DATA FOR THIS EXERCISE ::
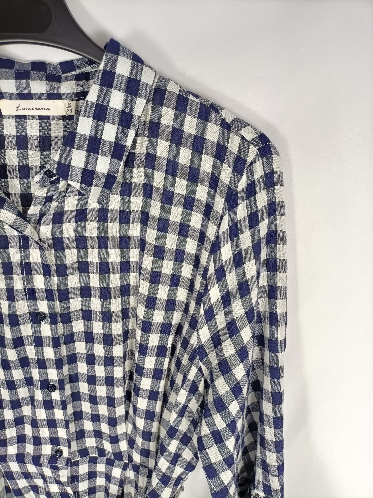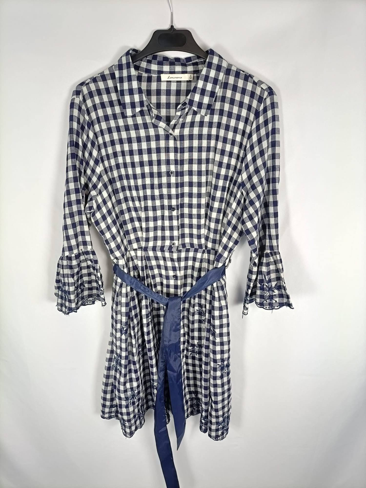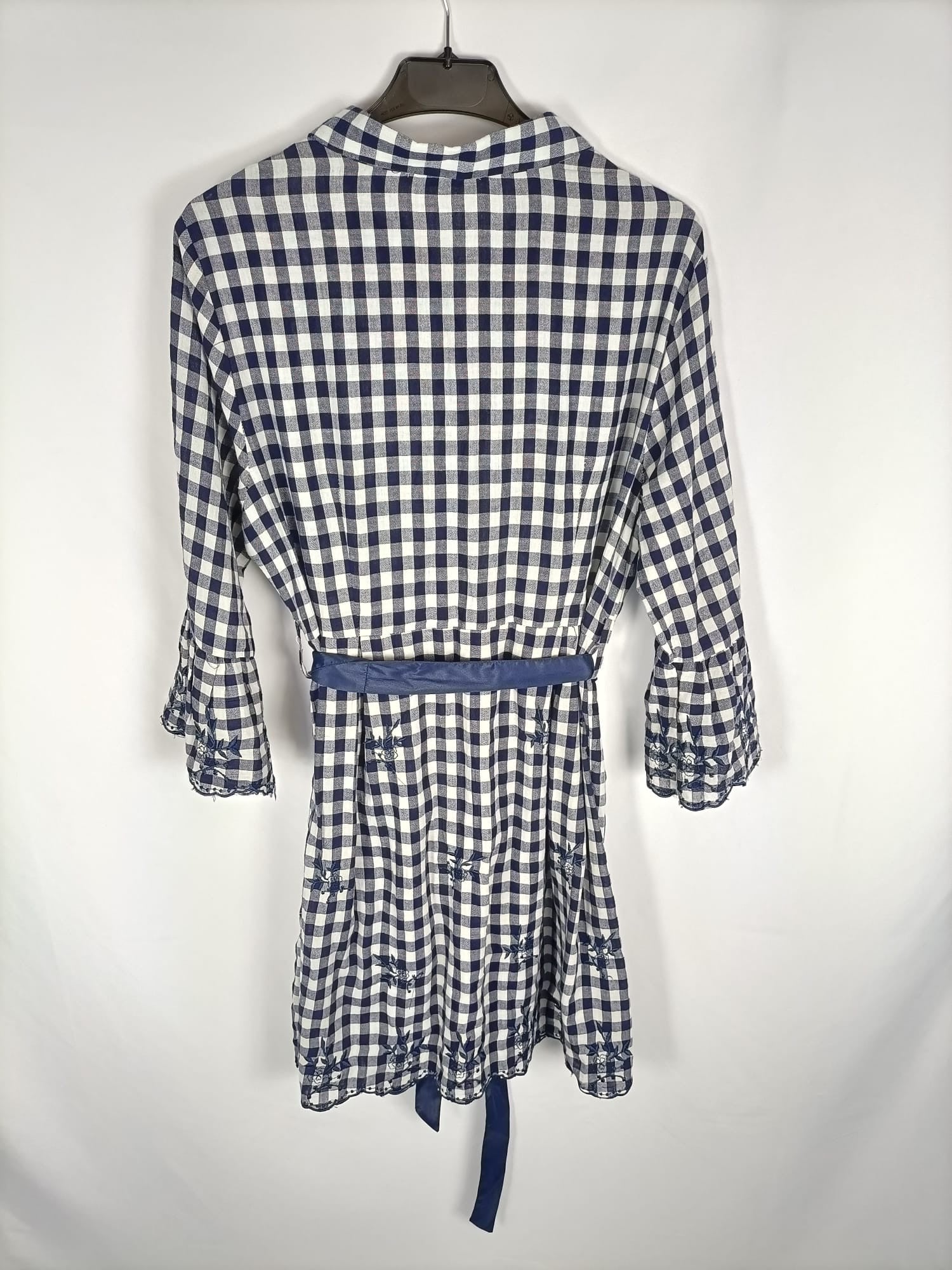 La morena. S. Vestido de cuadros azul blanco roto camisero con detalles bordados en mangas y parte de abajo. Manga 3/4 con volante. No elástico. De sisa a sisa 51 cm largo 91 cm
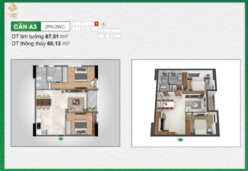 – Căn hộ A3: 2PN – 2WC, có diện tích thông thủy: 60.13m2 và diện tích tim tường: 67.51m2
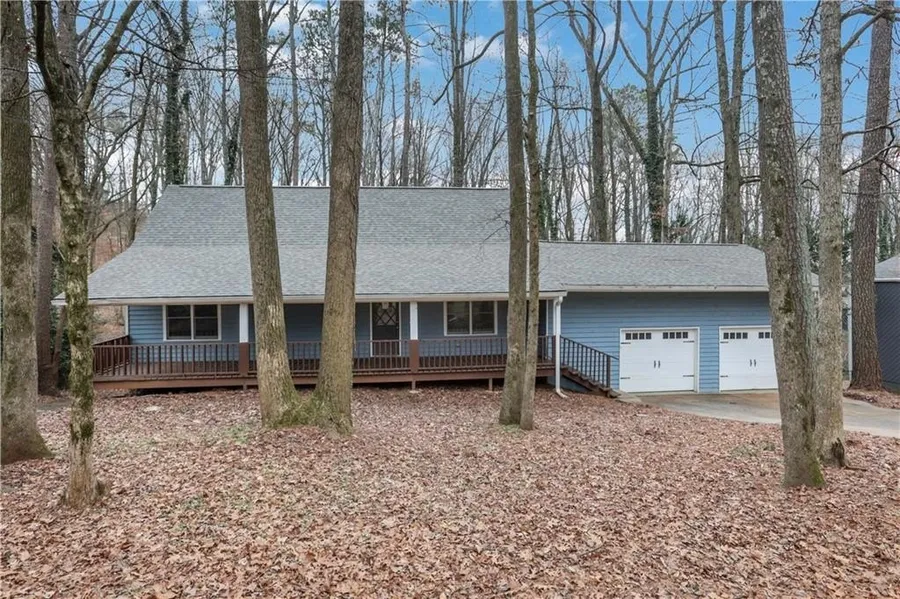 Freshly Updated Home in Sought-After Canterbury North! Move-in ready 5-bedroom, 4-bath home with a fully finished basement, nestled on a picturesque wooded lot offering privacy and peaceful views. The open-concept main level features a spacious great room seamlessly connected to the kitchen, complete with granite countertops, refaced cabinetry, and a separate dining area with direct access to a private wooden deck-perfect for entertaining, grilling, or relaxing while enjoying the serene surroundings. The main level includes a generous primary suite, a secondary bedroom, a full guest bath, laundry room, and pantry. Upstairs, you'll find two large bedrooms with walk-in closets and a full bathroom. The finished daylight basement offers both interior and exterior access and includes a large family room, fifth bedroom, full bath with jetted tub, an additional laundry area, and a versatile bonus room ideal for a workshop, home gym, or hobby space. Enjoy morning coffee or evening relaxation on the welcoming oversized front porch overlooking the neighborhood. Conveniently located just 15 minutes from The Battery, outlet malls, downtown Woodstock, and more-this home perfectly blends comfort, space, and location.
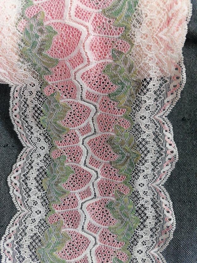 Dentelle elasthane fraise sur fond saumon 15cm de large
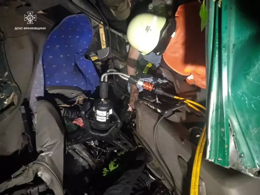 Рятувальники, які прибули на місце події, деблокували постраждалого чоловіка з салону транспортного засобу, повідомляє Головне управління ДСНС в Івано-Франківській області.

THE PROBLEM :: Beginning with the line that contains "Dentelle elasthane fraise", write out the remaining lines of the listing above through the last, exactly and only those, without pictures.

WRITTEN RESPONSE ::
 Dentelle elasthane fraise sur fond saumon 15cm de large
 Рятувальники, які прибули на місце події, деблокували постраждалого чоловіка з салону транспортного засобу, повідомляє Головне управління ДСНС в Івано-Франківській області.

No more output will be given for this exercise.